What is the key difference between these two datasets? Is it the hair color or maybe glasses? To find out let’s use the output from Face API and compare face attributes in Power BI.
Face to face meeting
The easiest way for me was to export the whole dataset to a text file and import it in Power BI Desktop. This free application allows you to import data from many sources and work with various data types. In my case transforming nested JSON objects was not a big issue, as you can add a custom column with a transformation script using Power Query M formula language. After preparing the table columns it is just a matter of drag-and-dropping specific fields to one of the many visual controls. Going back to the previous question – is there a visual difference between profiles from the nurses and software developers groups?

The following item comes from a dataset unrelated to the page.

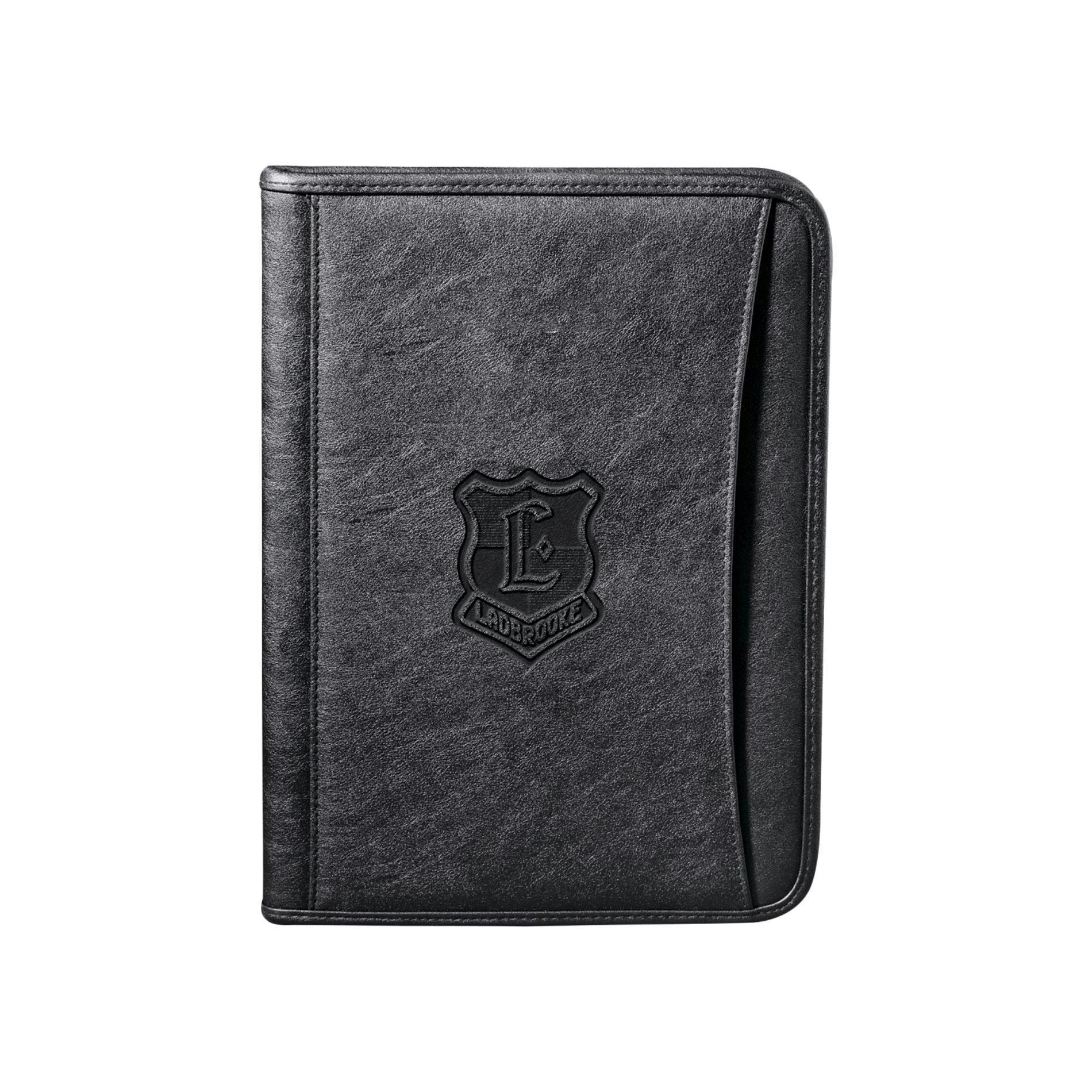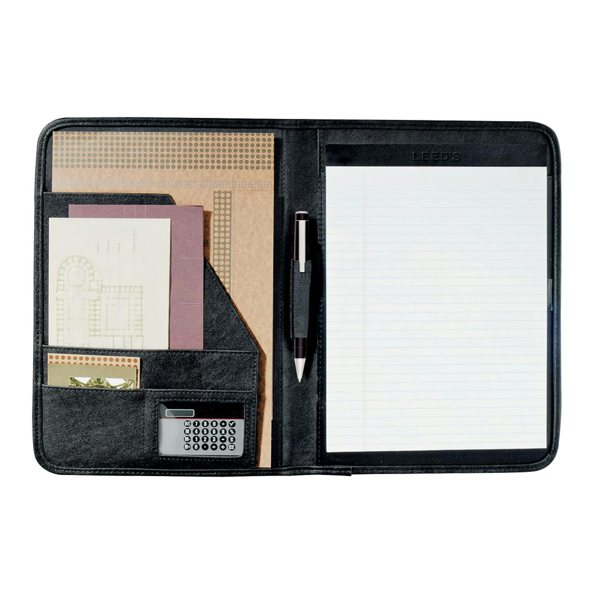 The DuraHyde Writing Pad features an interior organizer with gusseted file pocket, and a clear ID or calculator pocket. The DuraHyde Front includes a slot pocket and an 8.5" x 11" writing pad. Refill item number: 9091-01. Pen not included.

As you can see, Power BI Desktop makes it easy to quickly visualize a dataset. Key differences found? Age and hair color. Let’s extract the men’s profiles and continue with the analysis.
Choose your fraction
Previously the datasets were grouped by only one job title. This time I would like to compare people from the whole job sector, so I am going to add also related jobs. This way in the IT group we are going to find software developers, IT consultants and database administrators. Healthcare will contain nurses, doctors and clinical research specialists. The last group will be Human Resources with recruiters, talent acquisition specialists and benefits specialists. All filtered by men only. Let’s see what do we have here.
IT vs HR has the most interesting result, mainly because the model was quite precise (72%) on identifying IT people, but managed to identify only 58% of the whole category. Generally, we can see much lower accuracy, so extending the groups negatively affected the final result.
The vision is clear
Is it actually possible to assign job titles just by analyzing business photos? I wouldn’t say that was the clue of this experiment. What I have learned is that Custom Vision is a really handy tool for image classification, even for non-technical people. Collecting and cleaning the data consumed around 80% of the time in this project, the rest was just pure fun with creating models and visualizing data in Power BI. Cloud providers are trying to make the machine learning world more approachable for non-scientists and the results are truly great.
But what about stereotypes? They are only in our heads, right? Let’s google for “typical nurse meme” and classify the most popular photos. You can interpret the results on your own.